There is a very popular song in Israel that goes like this: "My uncle wanted to swim in order to float permanently. He learned to swim by talking with a well-known lifeguard. When he finally entered the sea, within seconds he was gone." On the other side of the continuum, there is my father who, as a child, was thrown into the icy waters of the Danube by his father so that he could learn to swim, as "what doesn't kill you makes you stronger." It seems to me that Sudbury's educational model chooses a different path of education, in which the adult enters the water that the child has chosen and accompanies him and by his side with a loving, examining and supervising gaze, but also allows him to decide whether or not to go deeper, at what temperature, and also to choose whether he now wants to float with pleasure, play, or enter the training regime of a world champion. In this way, the adult allows the child a space of feeling and empowerment and an experience of trial and error. The child and the adult team member choose their dance together patiently over time and without coercion or oppression.
I once wrote, and I think it is still true, that we in the Sudbury schools allow children to learn in a clear, joyful, respectful and profound way. In a way that respects their space and time about three important things in life: how not to be a victim, how not to become a tyrant and how to lift oneself by the hairs of one's head.

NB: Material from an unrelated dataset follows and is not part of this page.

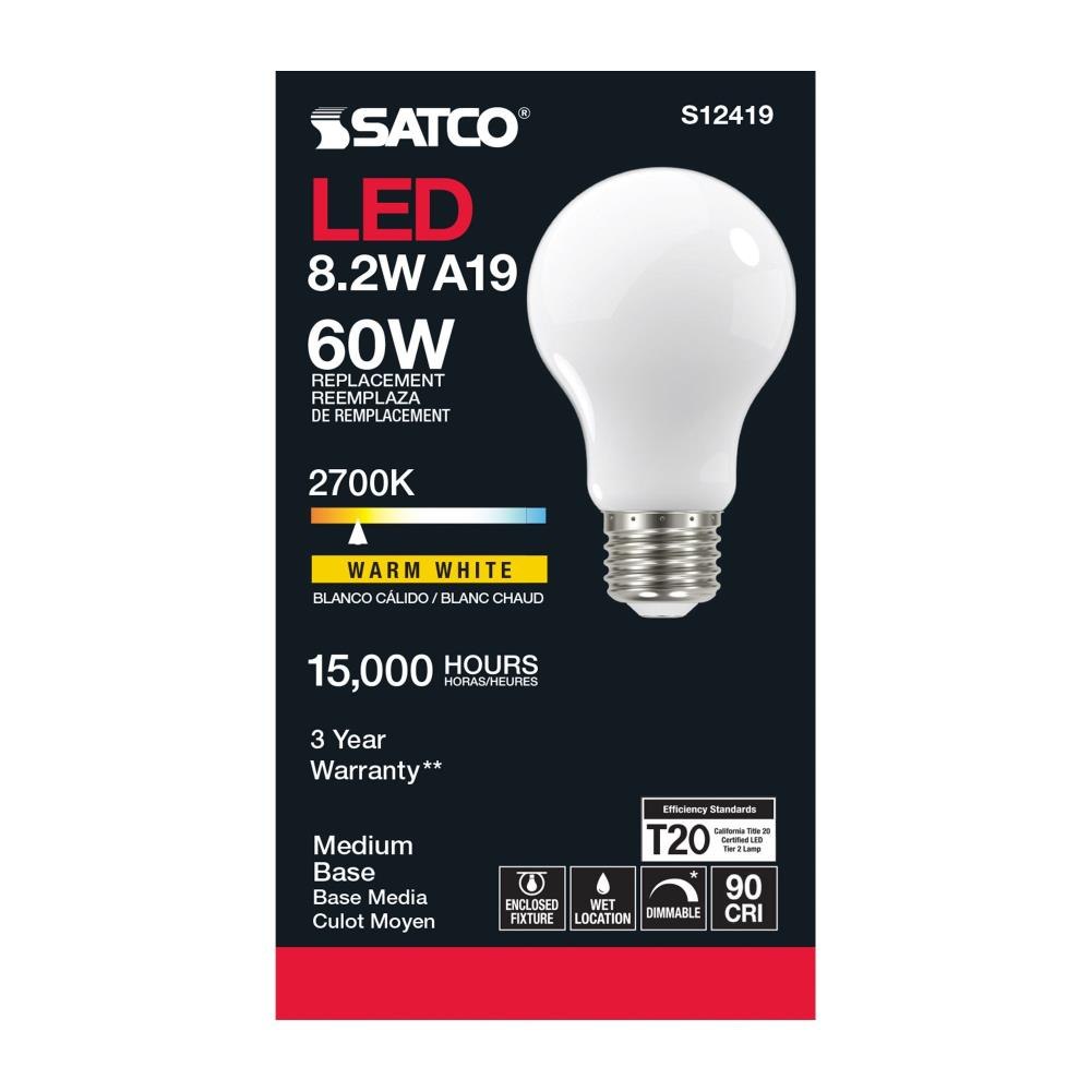 For every generation, Satco's LED replacements surpass their predecessors. We offer lighting solutions for commercial, industrial, and residential consumers with a wide range of bases, wattages, and lumens. We provide a bulb for many applications and environments. The frosted finish ensures a uniform color. The sizable beam spread will perfectly illuminate your space.Satco S12419 Frosted LED A19 medium base bulb uses 8.2 watts with 90 CRI, 2700K, and is dimmableIlluminate your home with 800 lumens and a warm white color temperatureLED lighting provided adds up to significant savings on energy costs, and is rated for up to 15,000 hours with average useWattage is incandescent equivalent to 60 watts, and features a 320 degree beam spreadA three year limited warranty with 4 hour per day usage brings peace of mind with your purchaseRated for indoor and outdoor use including wet locationsBulb for use with standard 120V fixturesSafety listed cULus and ROHS compliantThe most common, useful lamps on the market are now suitable for use nationwide with their 90 CRI T20 CEC rating. Our LED A15 and A19 LED filament lamps incorporate all the latest LED technologies for superior lumen output, efficiency and long life wherever they're used!.

I have many heartwarming stories that have been shared with me by school graduates. At the same time, I believe that the most important things we can give our children are the trust in them and the joy of a childhood of freedom.

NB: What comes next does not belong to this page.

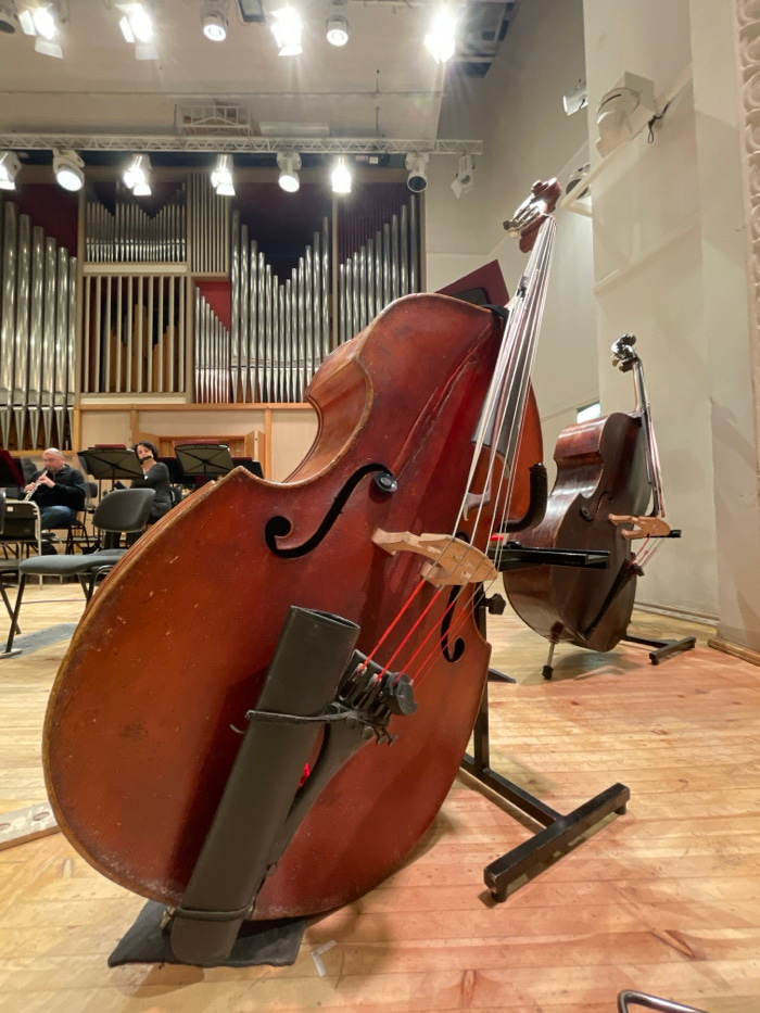 The image depicts a rehearsal or setup within the main concert hall of the Sverdlovsk State Academic Philharmonic Hall in Yekaterinburg, Russia. In the immediate foreground, a large, dark reddish-bro…read more

By their very nature, images are too narrow to contain reality, and yet to summarize my Sudbury perception: If we liken childhood to learning to swim, then, as I see it, this educational path allows learning to swim out of joy in a pool, river, lake or ocean that I as a child create and choose and with adults who enter the water with me with a smile at the pace and in the way I have chosen.
I have no idea what the outcome will be. Will I choose a different pool tomorrow? Will I become a bird on land and live in the desert? Or will I be the next Michael Phelps? At least I have learned to choose with joy and take responsibility that includes empowerment and love for my choice and respect for those who swim alongside me.